The lower proportion of total SFA in most tissues (SS, ST, and subcutaneous fat) of goats fed linseed () is in disagreement with that reported in similar studies in sheep and beef. In this study, the reduction in total SFA is mainly due to the marked increase in the proportion of n-3 PUFA and the significant decrease in the proportion of palmitic acid. The decrease in the proportion of palmitic acid was also reported in young bulls fed linseed [61]. It is important to mention that palmitic acid was found to increase the plasma cholesterol level in human, while stearic does not exhibit such an effect [62, 63]; therefore, a high intake of palmitic acid increases the risk of atherosclerosis and cardiovascular diseases.

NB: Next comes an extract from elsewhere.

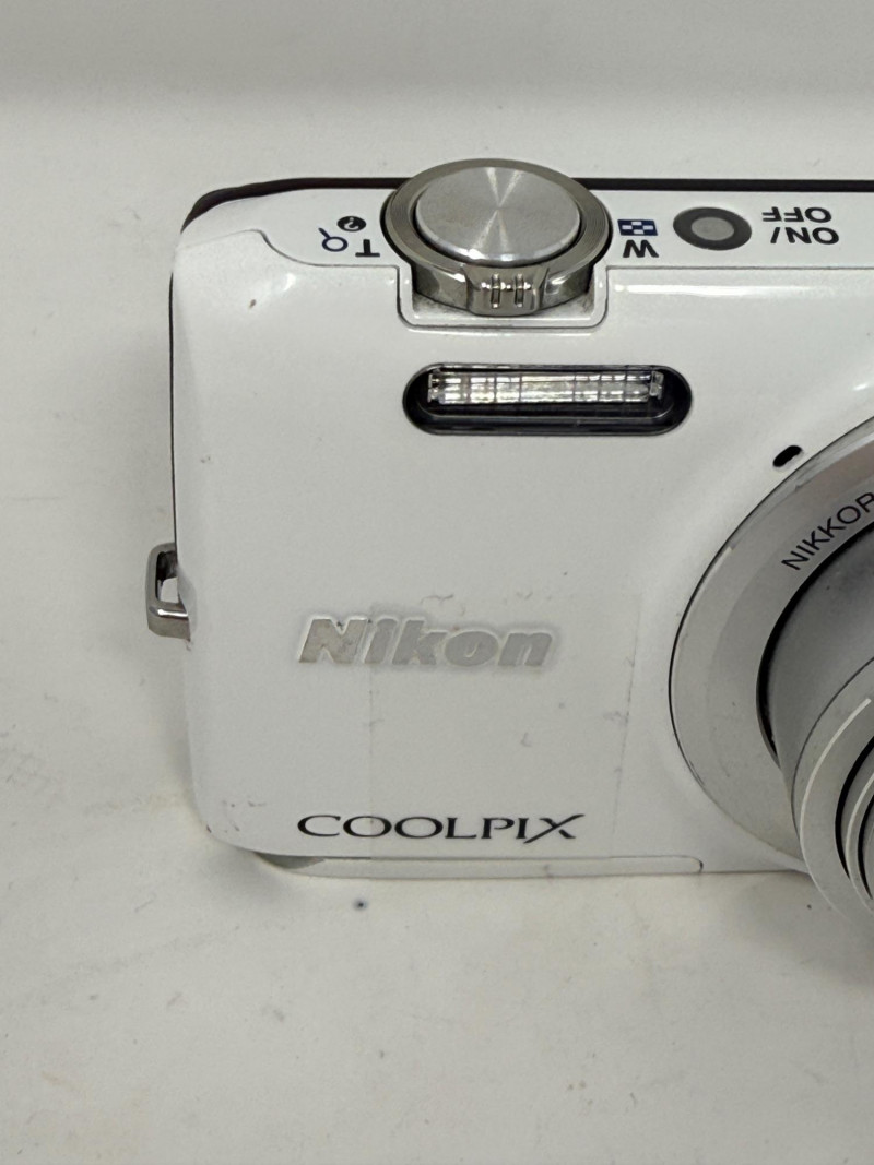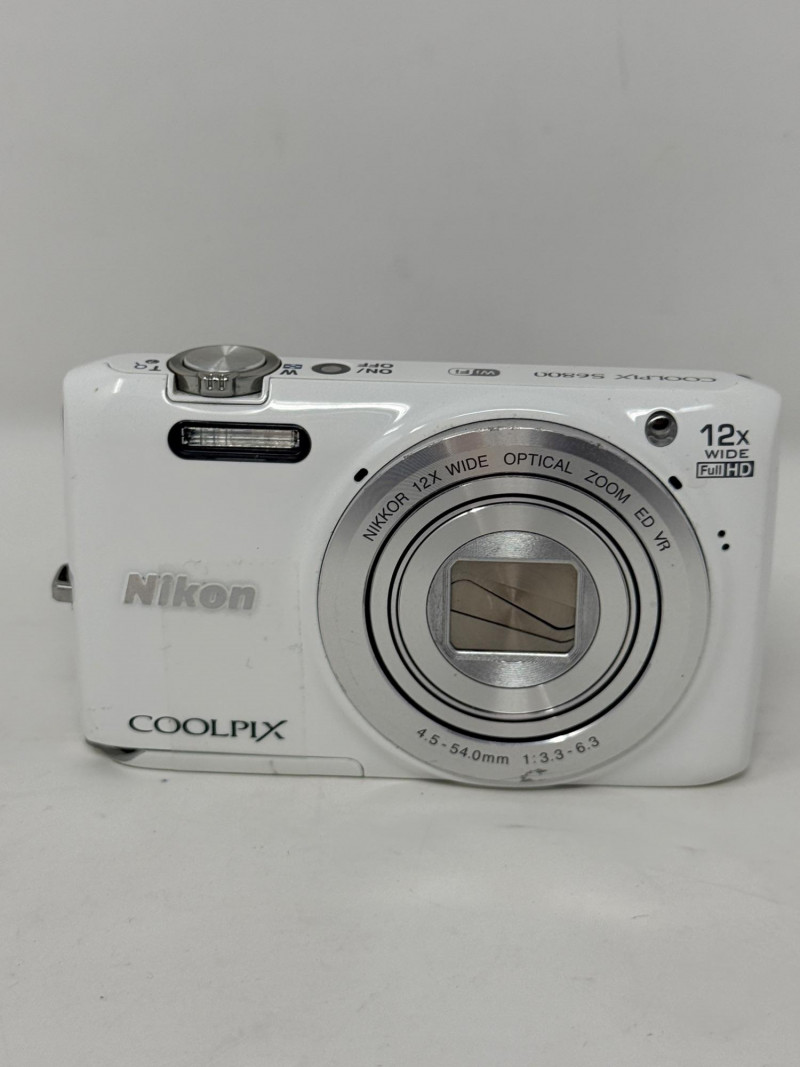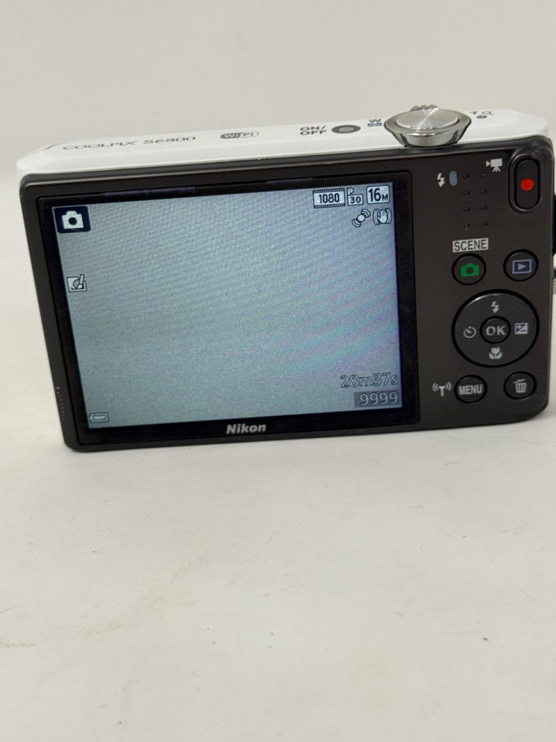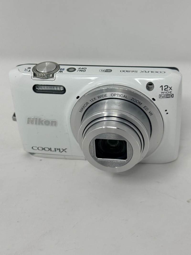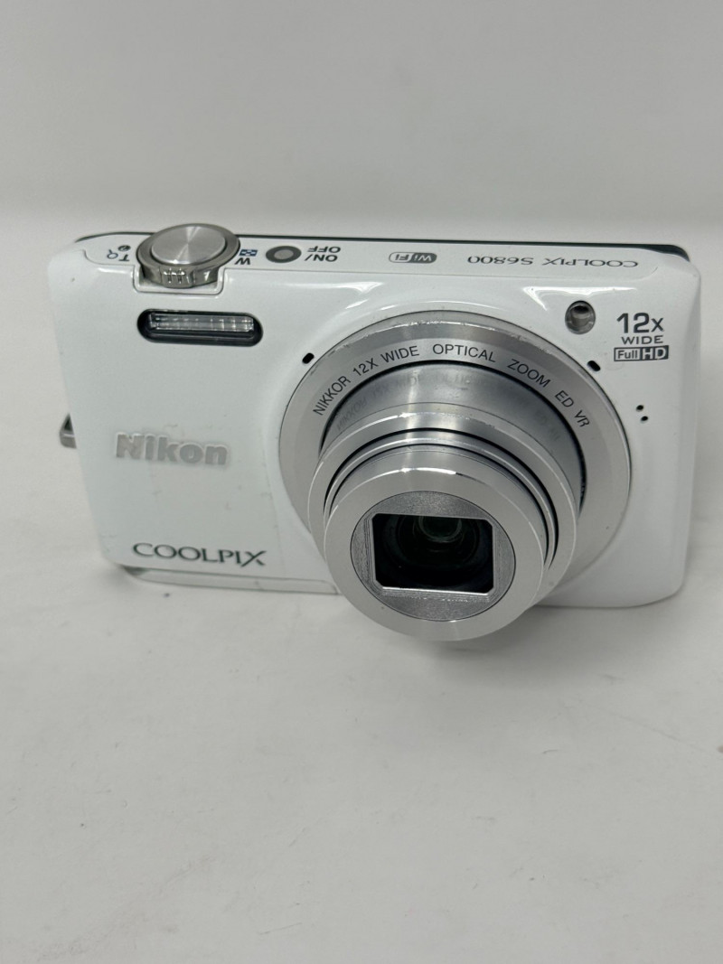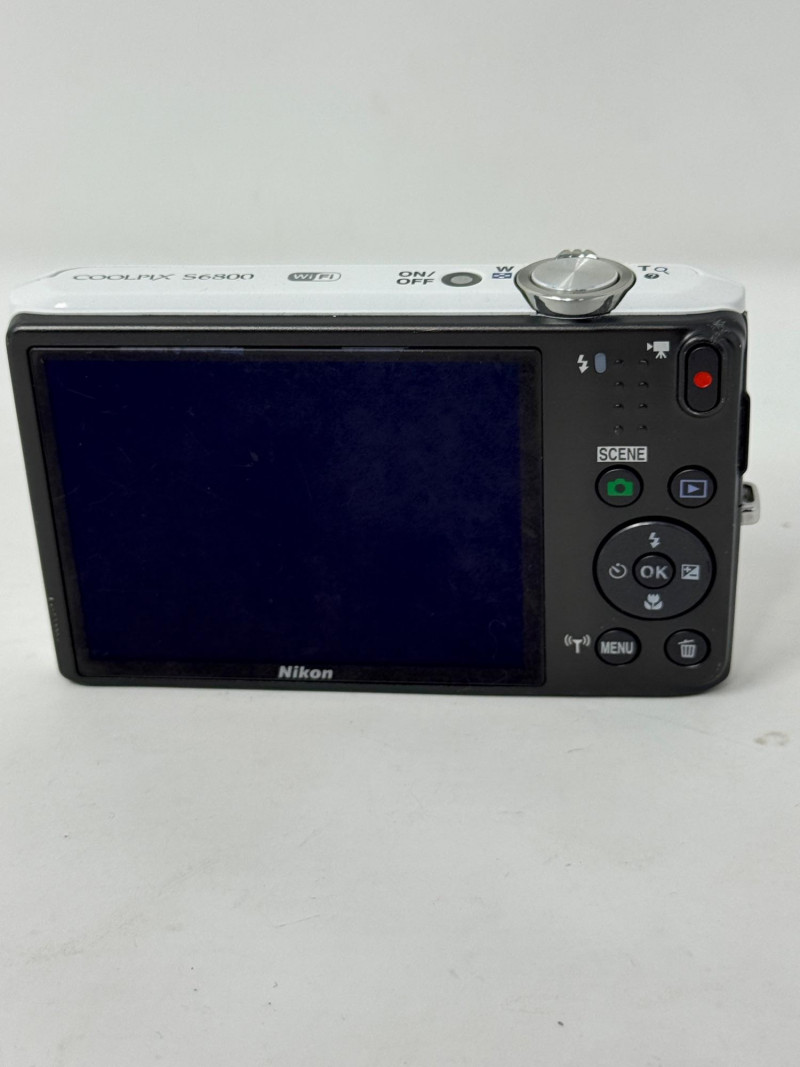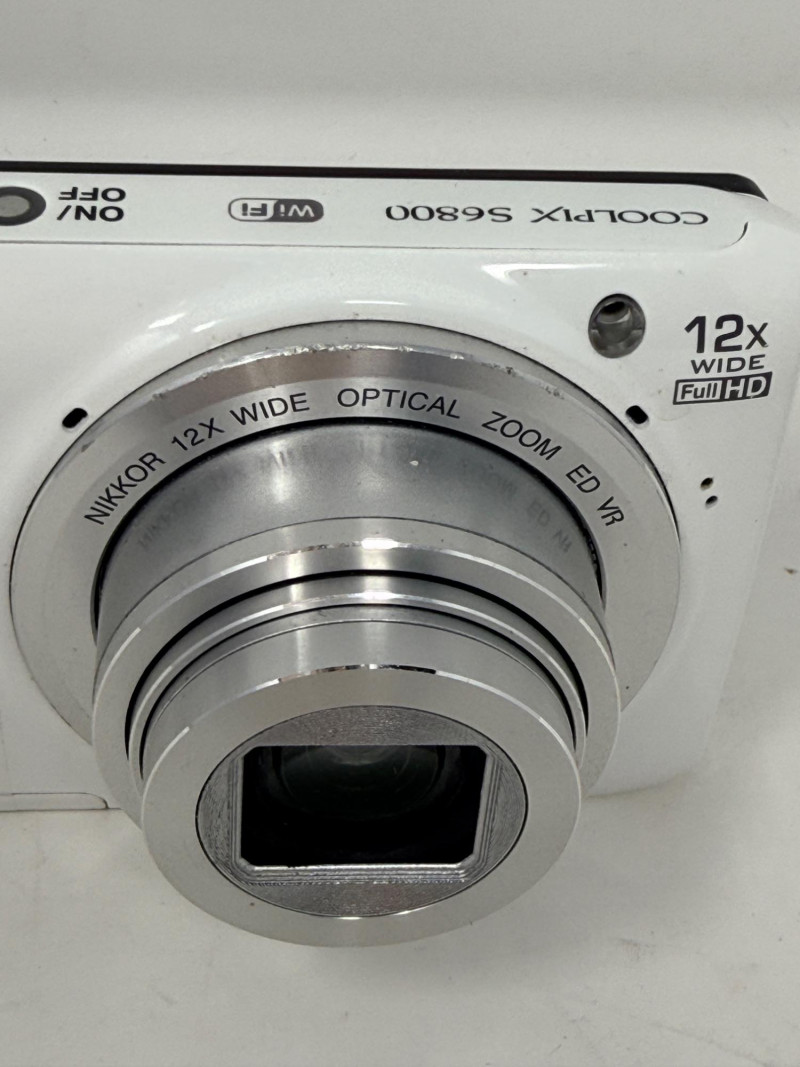 White body Nikon CoolPix S6800 16.0-megapixel 1/2.3" Back-illuminated CMOS sensor. 12x optical zoom (25-300mm equivalent). Full HD 1080p recording at 30p or 60i with stereo sound. 0-inch 460k-dot TFT LCD with anti-reflection coating. Built-in Wi-Fi for transferring photos to smartphones and remote shutter control. Ultra-slim body weighing approximately 5.2 oz Tested, works!

The increase in the PUFA: SFA ratios in all the muscles of the goats fed linseed, which ranged from 0.44 in LD of L10 up to 0.6 in SS of goats feed L20, can be mainly attributed to the increase in total n-3 PUFA since the proportion of n-6 PUFA was not affected by the treatment in most cases. Contrary, the increase in n-3 PUFA led to reduction in the n-6 : n-3 ratios, from values over 6.65 in the control group to values of 2.0 or less in the muscles of goats that were fed linseed. This result is similar to that reported in lambs fed different level of linseed [47] and higher than that observed in beef [26]. In general, the n-6 : n-3 ratio is highly affected by the type of unsaturated FA fed to the animals [46]. Although there was a similar decrease in n-6 : n-3 ratio in the adipose tissues form above 10 in the control to below 4, the PUFA:SFA ratio was very low (about 0.01) in these tissues and in this situation n-6 : n-3 ratio may give an indistinct indicator. Therefore, the absolute quantity of essential fatty acids consumed, rather than their n-6 : n-3 ratio, should be the first concern for the effective benefit from their intake [64].

5. Conclusion

The inclusion of linseed in the diet resulted in an increase in the proportion of ALA and total n-3 PUFA in muscles and adipose tissues of goats as the inclusion level of linseed increased. Furthermore, it increased the proportions of beneficial long-chains n-3 PUFA EPA, DPA, and DHA in the muscles. The inclusion of linseed at the 10% or 20% level can successfully improve the PUFA : SFA and n-6 : n-3 ratios to that recommended by the international health organization. Additionally, feeding linseed resulted in an increase in the total CLA, especially in the subcutaneous fat, and a decrease in the proportion of palmitic acid in all tissues.

Conflict of Interests

The authors declare that there is no conflict of interests regarding the publication of this paper.

Acknowledgments

The authors would like to thank the staff of ruminant farm and slaughter house, Department of Animal Science, Universiti Putra Malaysia, for their assistance management of the animals. Special thanks are due to Dr. Mahdi Ebrahimi for the technical assistance in fatty acid analysis.